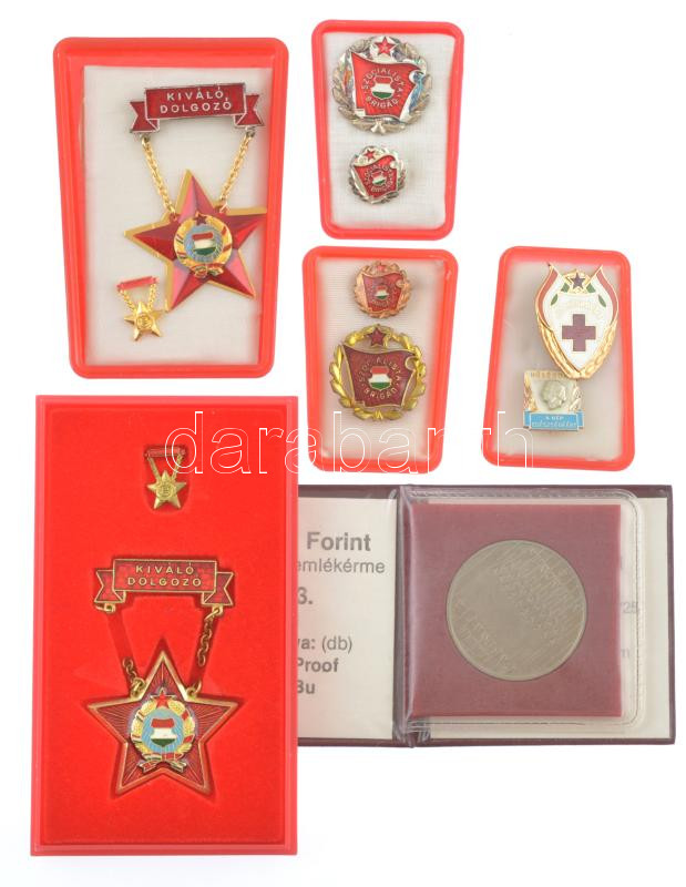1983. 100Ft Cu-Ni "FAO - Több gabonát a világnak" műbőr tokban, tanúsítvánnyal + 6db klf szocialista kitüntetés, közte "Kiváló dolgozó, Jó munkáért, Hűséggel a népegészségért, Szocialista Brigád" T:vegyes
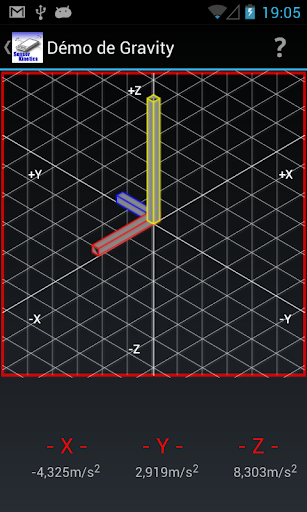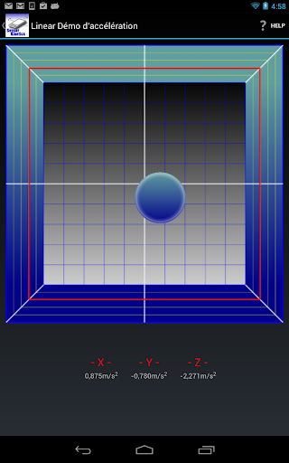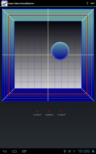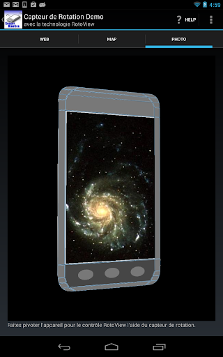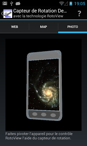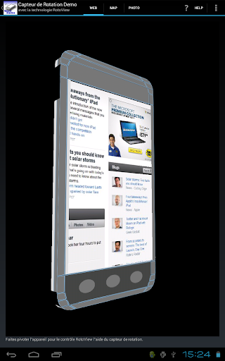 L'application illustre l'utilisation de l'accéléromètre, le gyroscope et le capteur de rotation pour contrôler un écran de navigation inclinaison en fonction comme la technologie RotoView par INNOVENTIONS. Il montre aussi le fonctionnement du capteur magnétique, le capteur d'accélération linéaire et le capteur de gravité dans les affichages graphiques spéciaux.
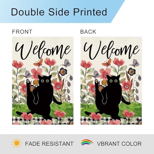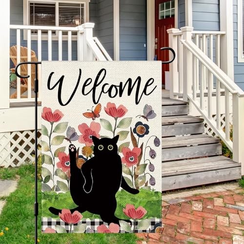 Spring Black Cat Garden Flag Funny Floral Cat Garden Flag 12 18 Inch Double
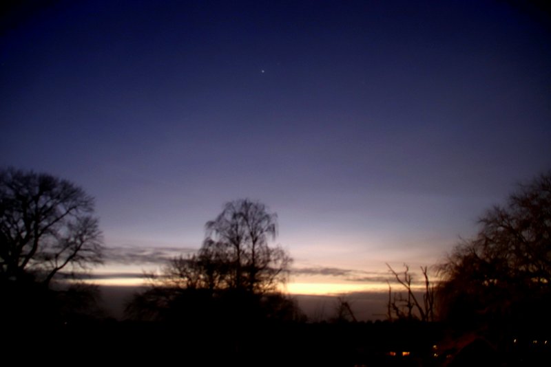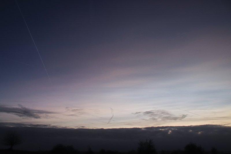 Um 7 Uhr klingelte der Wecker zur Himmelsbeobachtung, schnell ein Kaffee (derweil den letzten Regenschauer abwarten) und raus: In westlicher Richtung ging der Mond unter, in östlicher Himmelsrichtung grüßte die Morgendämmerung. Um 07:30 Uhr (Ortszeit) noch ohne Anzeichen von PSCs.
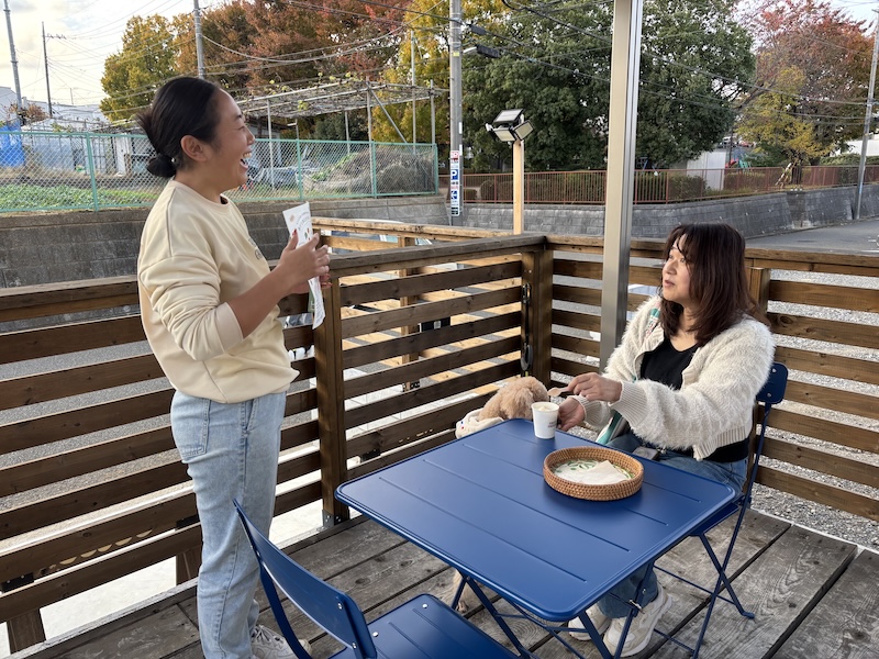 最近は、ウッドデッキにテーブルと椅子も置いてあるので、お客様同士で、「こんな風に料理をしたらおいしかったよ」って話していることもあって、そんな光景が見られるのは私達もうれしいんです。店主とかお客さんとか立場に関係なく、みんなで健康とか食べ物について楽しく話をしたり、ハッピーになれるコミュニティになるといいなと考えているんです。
◇ ◇ ◇ ◇ ◇ ◇ ◇
**What needs to be done:**
For this exercise, transcribe the entries above exactly, without any pictures.

**Expected answer:**
1983. 100Ft Cu-Ni "FAO - Több gabonát a világnak" műbőr tokban, tanúsítvánnyal + 6db klf szocialista kitüntetés, közte "Kiváló dolgozó, Jó munkáért, Hűséggel a népegészségért, Szocialista Brigád" T:vegyes
 L'application illustre l'utilisation de l'accéléromètre, le gyroscope et le capteur de rotation pour contrôler un écran de navigation inclinaison en fonction comme la technologie RotoView par INNOVENTIONS. Il montre aussi le fonctionnement du capteur magnétique, le capteur d'accélération linéaire et le capteur de gravité dans les affichages graphiques spéciaux.
 Spring Black Cat Garden Flag Funny Floral Cat Garden Flag 12 18 Inch Double
 Um 7 Uhr klingelte der Wecker zur Himmelsbeobachtung, schnell ein Kaffee (derweil den letzten Regenschauer abwarten) und raus: In westlicher Richtung ging der Mond unter, in östlicher Himmelsrichtung grüßte die Morgendämmerung. Um 07:30 Uhr (Ortszeit) noch ohne Anzeichen von PSCs.
 最近は、ウッドデッキにテーブルと椅子も置いてあるので、お客様同士で、「こんな風に料理をしたらおいしかったよ」って話していることもあって、そんな光景が見られるのは私達もうれしいんです。店主とかお客さんとか立場に関係なく、みんなで健康とか食べ物について楽しく話をしたり、ハッピーになれるコミュニティになるといいなと考えているんです。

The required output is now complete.